-- Records supplied follows --

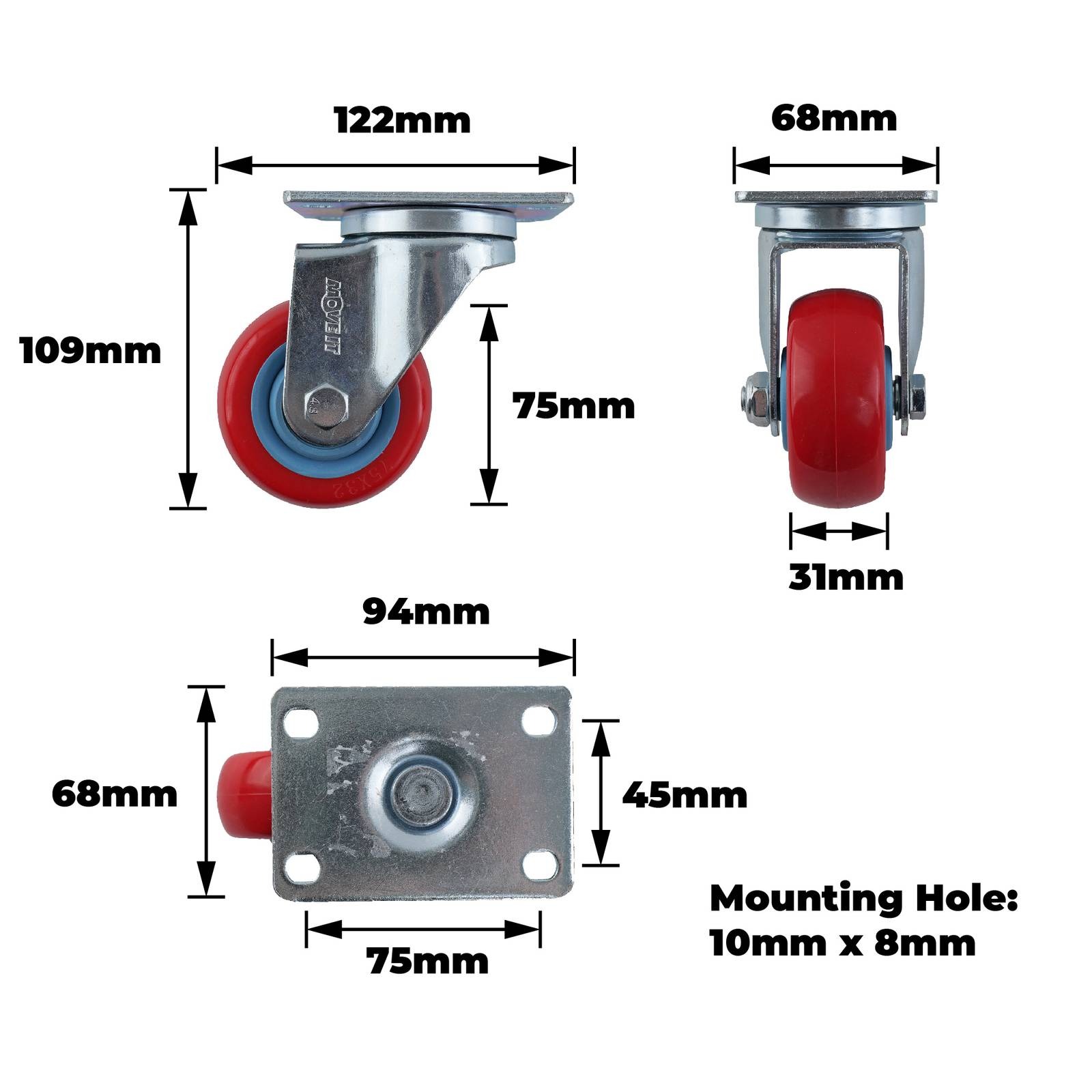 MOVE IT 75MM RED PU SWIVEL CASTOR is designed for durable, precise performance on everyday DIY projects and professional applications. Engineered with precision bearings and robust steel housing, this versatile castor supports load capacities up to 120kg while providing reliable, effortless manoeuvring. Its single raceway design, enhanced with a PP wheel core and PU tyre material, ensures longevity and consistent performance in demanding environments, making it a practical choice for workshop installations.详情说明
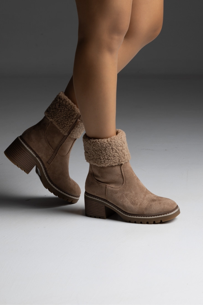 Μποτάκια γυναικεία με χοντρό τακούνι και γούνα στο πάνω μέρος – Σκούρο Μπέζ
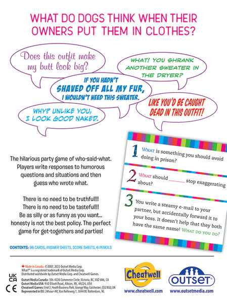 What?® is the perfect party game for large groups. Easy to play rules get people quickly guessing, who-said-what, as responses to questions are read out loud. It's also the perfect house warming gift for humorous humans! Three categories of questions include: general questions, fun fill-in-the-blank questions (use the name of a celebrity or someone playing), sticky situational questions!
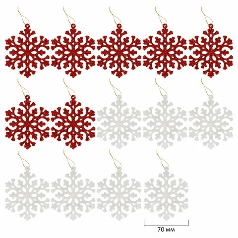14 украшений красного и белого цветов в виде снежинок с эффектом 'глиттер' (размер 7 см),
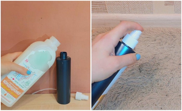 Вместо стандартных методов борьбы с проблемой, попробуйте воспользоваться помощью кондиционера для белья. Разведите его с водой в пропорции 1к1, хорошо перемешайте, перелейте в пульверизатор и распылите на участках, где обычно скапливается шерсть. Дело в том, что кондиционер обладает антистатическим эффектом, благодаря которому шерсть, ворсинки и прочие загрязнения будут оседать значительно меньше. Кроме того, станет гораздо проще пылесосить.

-- Records supplied concluded --

Output each record exactly as it appears, but not the pictures.

Written solution:
 MOVE IT 75MM RED PU SWIVEL CASTOR is designed for durable, precise performance on everyday DIY projects and professional applications. Engineered with precision bearings and robust steel housing, this versatile castor supports load capacities up to 120kg while providing reliable, effortless manoeuvring. Its single raceway design, enhanced with a PP wheel core and PU tyre material, ensures longevity and consistent performance in demanding environments, making it a practical choice for workshop installations.详情说明
 Μποτάκια γυναικεία με χοντρό τακούνι και γούνα στο πάνω μέρος – Σκούρο Μπέζ
 What?® is the perfect party game for large groups. Easy to play rules get people quickly guessing, who-said-what, as responses to questions are read out loud. It's also the perfect house warming gift for humorous humans! Three categories of questions include: general questions, fun fill-in-the-blank questions (use the name of a celebrity or someone playing), sticky situational questions!
14 украшений красного и белого цветов в виде снежинок с эффектом 'глиттер' (размер 7 см),
 Вместо стандартных методов борьбы с проблемой, попробуйте воспользоваться помощью кондиционера для белья. Разведите его с водой в пропорции 1к1, хорошо перемешайте, перелейте в пульверизатор и распылите на участках, где обычно скапливается шерсть. Дело в том, что кондиционер обладает антистатическим эффектом, благодаря которому шерсть, ворсинки и прочие загрязнения будут оседать значительно меньше. Кроме того, станет гораздо проще пылесосить.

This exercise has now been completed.